SA Airlink seeks to interdict BRPs from convening creditors meeting

SA Airlink has filed a court application seeking to interdict the business rescue practitioners (BRPs) from convening a creditors meeting to vote on a business rescue plan for SAA. Photo: Masi Losi/African News Agency (ANA)

SA Airlink has filed a court application seeking to interdict the business rescue practitioners (BRPs) from convening a creditors meeting to vote on a business rescue plan for SAA. Photo: Masi Losi/African News Agency (ANA)

Published Jun 22, 2020

Share

JOHANNESBURG – SA Airlink has filed a court application seeking to interdict the business rescue practitioners (BRPs) from convening a creditors meeting to vote on a business rescue plan for South African Airways (SAA).

The privately-owned regional airline also seeks to have the cash-strapped SAA placed under provisional liquidation and contends that there is no reasonable prospect of rescuing SAA.

SA Airlink is an SAA code-share and franchise business partner, and has been observing developments at SAA since the State-owned carrier was placed in business rescue in December.

This comes as the National Union of Metalworkers of South Africa (Numsa) and the South African Airways Cabin Crew Association (Sacca) to interdict the creditor’s meeting on Thursday through the courts.

SAA rescuers have scheduled a creditors meeting for 25 June to vote on the proposed business rescue plan which projected that only 1 000 employees would be retained and no less than R2.8 billion to rehabilitate the national carrier. 

The Department of Public Enterprises (DPE) on Monday said though it had not been cited as a respondent in the SA Airlink application, it will approach the court seeking to intervene with the intention to oppose the application. 

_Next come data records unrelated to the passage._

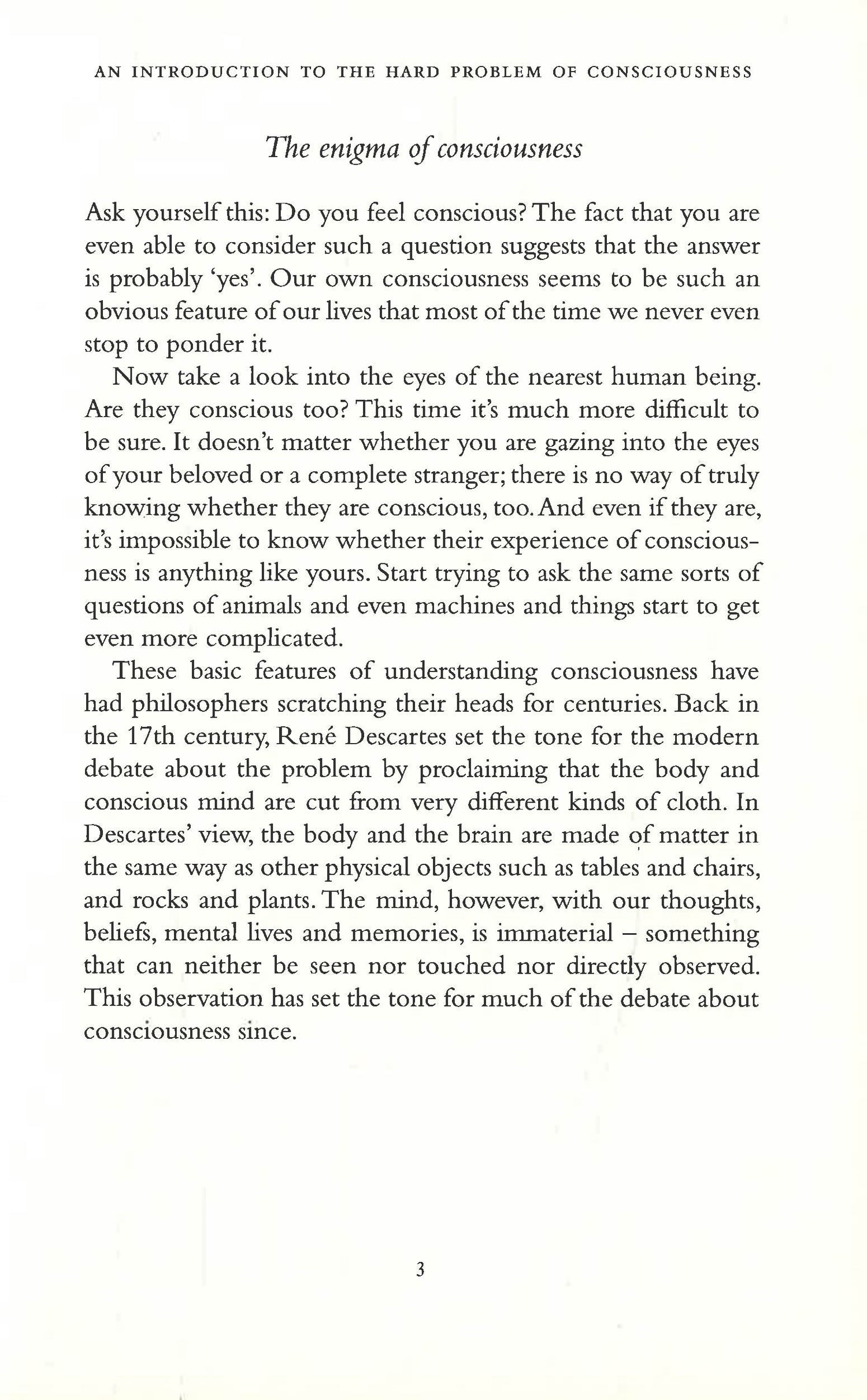 What is this strange mental world that seems so essential to being human? The conscious mind brings together sensations, perceptions, thoughts and memories to generate the seamless movie of a person's life. It makes us aware of the world around us and our own self. How all this emerges from a kilogram of brain cells is one of the greatest unanswered questions.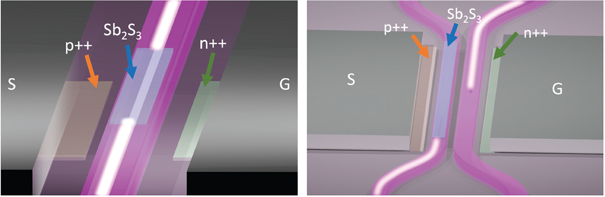 We recently demonstrated a wide-bandgap, PCM antimony sulfide (Sb2S3)-clad silicon photonic platform that simultaneously achieves losses of less than 1.0 dB, extinction ratios greater than 10 dB, high cyclability (more than 1,600 switching events) and, most importantly, 5-bit operation.4 Our team was able to program these Sb2S3-based devices, including phase shifters and directional couplers, within sub-ms timescales via on-chip silicon PIN diode heaters.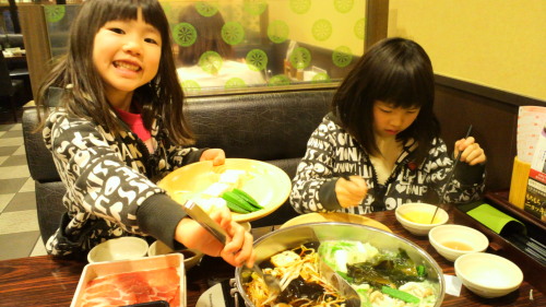 クリスマス。日本人ならしゃぶしゃぶよねー。外食続きの我が家に蔓延する野菜不足。このままでは大航海時代の船乗りのように壊血病になって全滅してしまう。これを防ぐためには、しゃぶしゃぶしか方法がない。という訳で、9月のオープンからずっと気になっていたお店に乗り込む。揃ってマジもんの野菜不足だったので、指令を出しつつ自ら頑張って野菜をとる。チビさん達はアク取りや、つくねを切り分けての投入なんかのちょっとした作業が楽しい模様。3人揃って、これでもかと食べる。結局ご飯に行きつくまでにお腹がふくれる。蟹の炊き込みご飯、食べたかった…チビさん達が思い思いのかき氷を作って楽しむ横で、力尽きる自分。死ぬほど暖まったから良しとしようか。その後は向かいの平和堂へ。いつものごとくヴィレッジ・ヴァンガードで買い物をして、ゲーセンで少し遊んで、玩具コーナーで一休み。最近やつらも妖怪ウォッチに興味を抱いてきやがった。金がかかるから上手いこと誤魔化していたのに、そろそろ逃げきれなくなってきたかもしれない。500円でキーホルダー3つ取れた。これで許してもらうことにしよう。今日の格言「十分に熱したオクラは凶器」

The DPE also said that it would also oppose the application by Numsa and Sacca should they approach the courts to stop the creditors’ meeting. 

“As we approach the final week to either endorse or reject the business rescue plan by the BRPs, it is disturbing that a competitor of SAA, which is 100 percent privately owned, as well as two labour unions, who should be acting in the best interest of their members, are seeking to destroy SAA by forcing a liquidation through the courts,” the DPE said in a statement. 

“Government, as the sole shareholder of SAA, supports the business rescue plan where it results in a viable, sustainable, competitive airline that provides integrated domestic, regional and international flight services.”

The DPE reiterated that the government had availed R5.5bn to the BRPs to augment the revenue of SAA as the primary function of a business rescue process is to develop a rescue plan in a manner which maximises the likelihood for it to continue to exist on a solvent basis.